> _YOUR INSTRUCTIONS_: Your copy should hold exactly the lines from the one containing "Біле чоловіче модне" through the last line of the entries, and no pictures.
-- RECORDS PROVIDED follows --
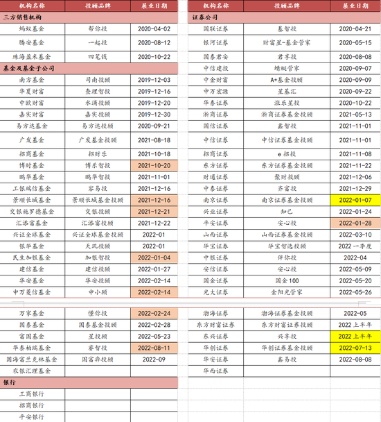 注:1.由于公开信息源能获取到的信息有限,上述为不完全统计,展示结果仅做参考;(下同)2.部分基金投顾机构仅披露了获准展业的日期,未披露业务开展日期,展业日期中通过底色进行区分,橙色标识为获准展业日期,且已正式开展基金投顾业务;黄色标识为获准展业日期,但尚未获取到是否已正式展业。
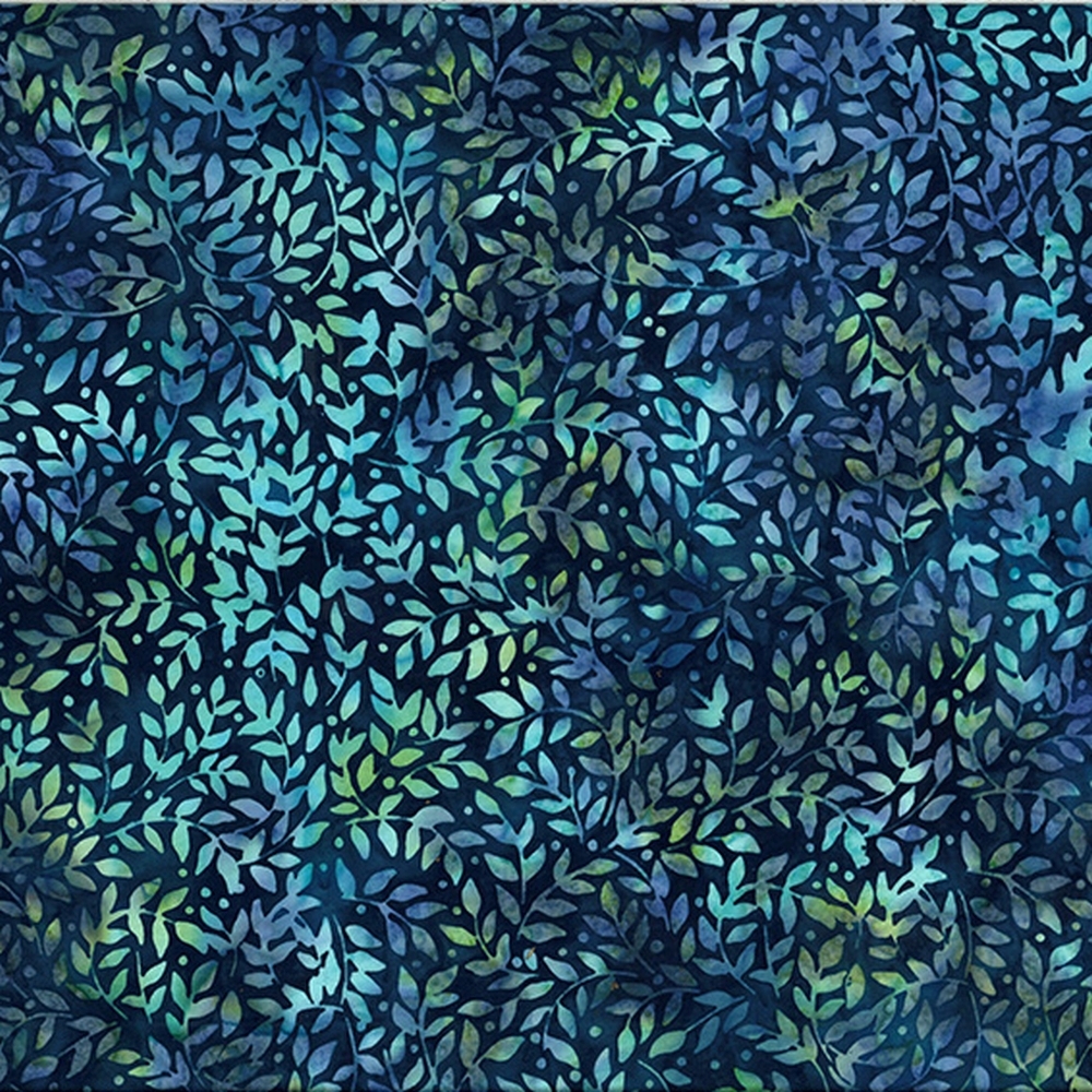Lækkert batikstof fra Hoffman fabrics med små blade og prikker i melerede blå og grønne farver på meleret mørkeblå baggrund.
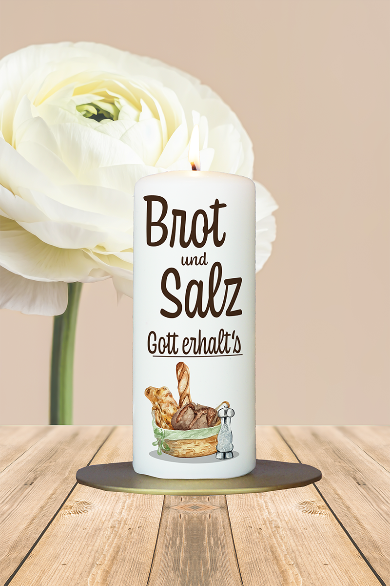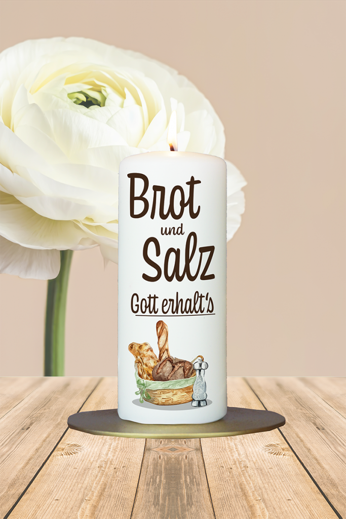 Diese Kerze ist ein traditionelles und herzhaftes Geschenk zur Einweihung eines neuen Hauses. Das Motiv zeigt einen im bäuerlichen Stil gemalten Brotkorb, vor dem ein Salzstreuer platziert ist – ein klassisches Symbol für Gastfreundschaft, Wohlstand und Schutz. Darüber steht in klarer Schrift die Überschrift „Brot und Salz – Gott erhalt’s“, die diesen alten Brauch liebevoll aufgreift und zugleich Glück und Segen für das neue Heim wünscht. Ob als Mitbringsel zur Haussegnung, zur Einweihungsfeier oder als dekoratives Erinnerungsstück – diese Kerze verbindet Tradition mit Herzlichkeit und bringt eine warme, wertschätzende Atmosphäre in jeden Raum. Ein besonderes Licht für einen gelungenen Start im neuen Zuhause.
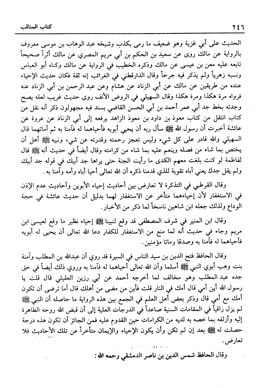 وَقَالَ الْحَافِظ فتح الدَّين بْن سيد النَّاس فِي السِّيرَة قد رُوِيَ أَن عَبْد الله بْن الْمطلب وآمنة بِنْت وهب أَبَوي النَّبِيّ أسلما وَأَن الله تَعَالَى أحياهما لَهُ فَآمَنا بِهِ وَرُوِيَ ذَلِكَ أَيْضا فِي حق جده عَبْد الْمطلب وَهُوَ مُخَالف لِما أَخْرَجَهُ أَحْمَد عَن أبي رزين الْعقيلِيّ قَالَ قلتُ يَا رَسُول الله أَيْنَ أُمِّي قَالَ أمك فِي النَّار قلتُ فَأَيْنَ من مضى من أهلك قَالَ أما ترْضى أَن تكون أمك مَعَ أُمِّي قَالَ وَذكر بعض أهلُ الْعلم فِي الْجمع بَين هَذِه الرِّوَايَة مَا حَاصله أَن النَّبِي لَمْ يزل راقيًا فِي المقامات السّنيَّة صاعدًا فِي الدَّرَجَات الْعلية إِلَى أَن قبض الله روحه الطاهرة إِلَيْهِ وأزلفه بِما خصَّه بِهِ لَدَيْهِ من الكرامات حِين الْقدوم عَلَيْهِ فَمن الْجَائِز أَن تكون هَذِه دَرَجَة حصلت لَهُ بعد إِن لَمْ تكن وَأَن يكون الْإِحْيَاء وَالْإِيمَان مُتَأَخِّرًا عَن تِلْكَ الْأَحَادِيث فَلَا تعَارض.
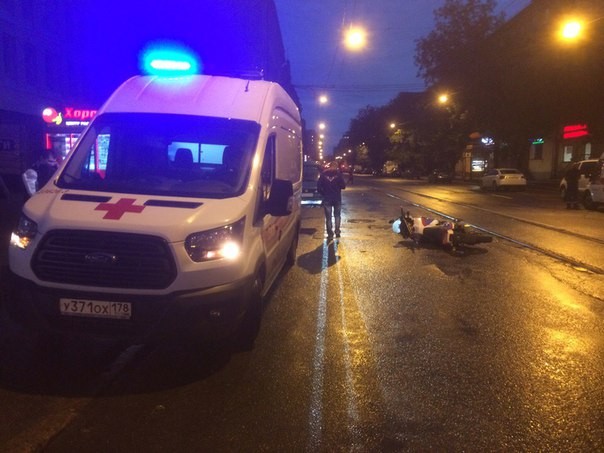 ул. Смолячкова 21, Санкт-Петербург. ДТП с участием мотоциклиста и легкового автомобиля напротив метро Выборгская (Смолячкова, 21). Две скорых на месте.
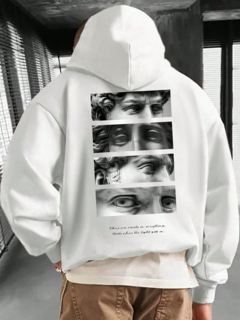 Біле чоловіче модне оверсайз худі з трендовим дизайном унікальне поєднання модних тенденцій та комфорту для сучасних людей, які цінують яскраву індивідуальність та практичність в одному стильному образі
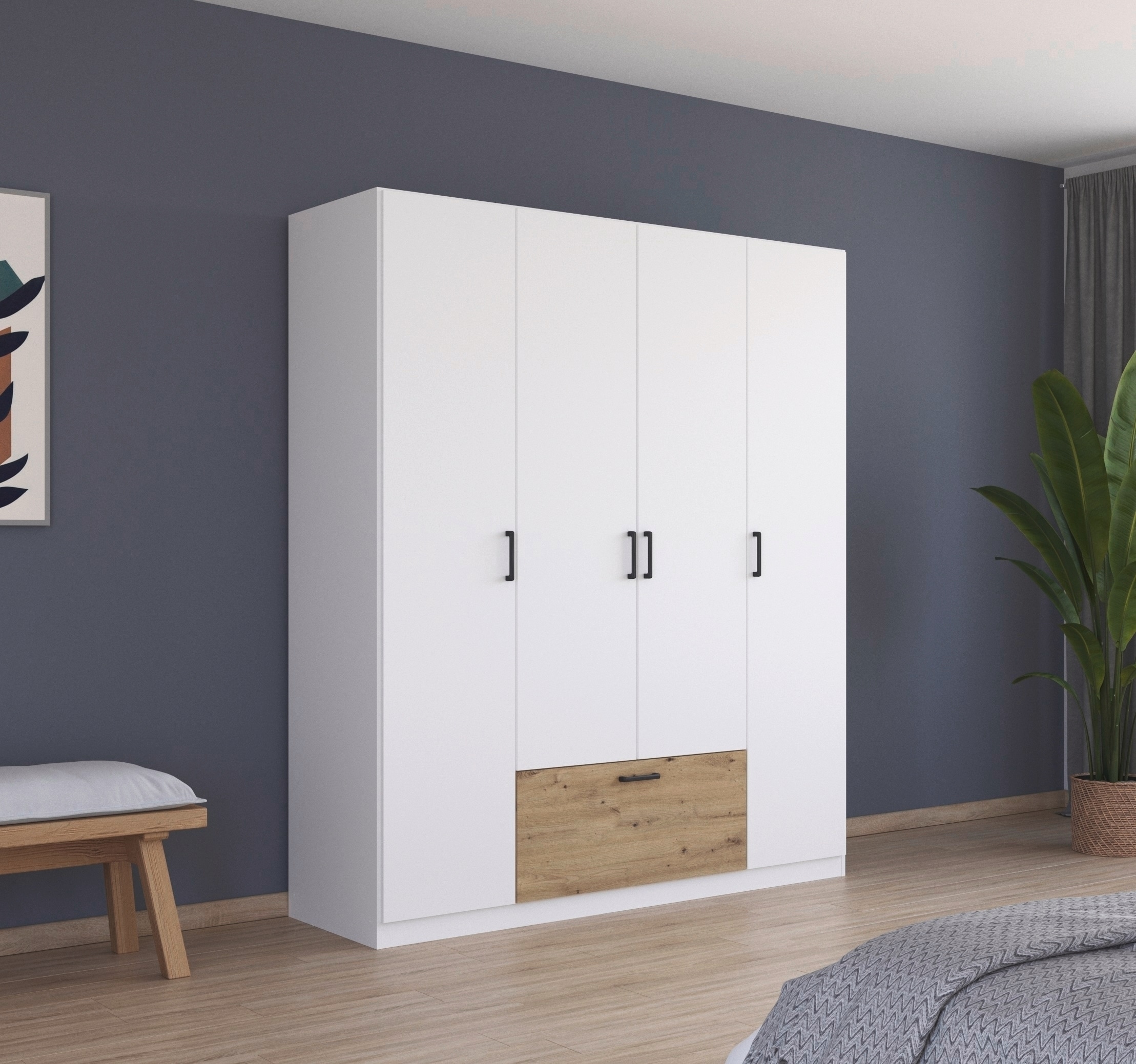 rauch Drehtürenschrank »Kleiderschrank Schrank Garderobe Wäscheschrank BARI« mit Schubasten mittig, moderner Griff in Graumetallic MADE IN GERMANY
-- RECORDS PROVIDED concluded --
> _WRITTEN SOLUTION_:
 Біле чоловіче модне оверсайз худі з трендовим дизайном унікальне поєднання модних тенденцій та комфорту для сучасних людей, які цінують яскраву індивідуальність та практичність в одному стильному образі
 rauch Drehtürenschrank »Kleiderschrank Schrank Garderobe Wäscheschrank BARI« mit Schubasten mittig, moderner Griff in Graumetallic MADE IN GERMANY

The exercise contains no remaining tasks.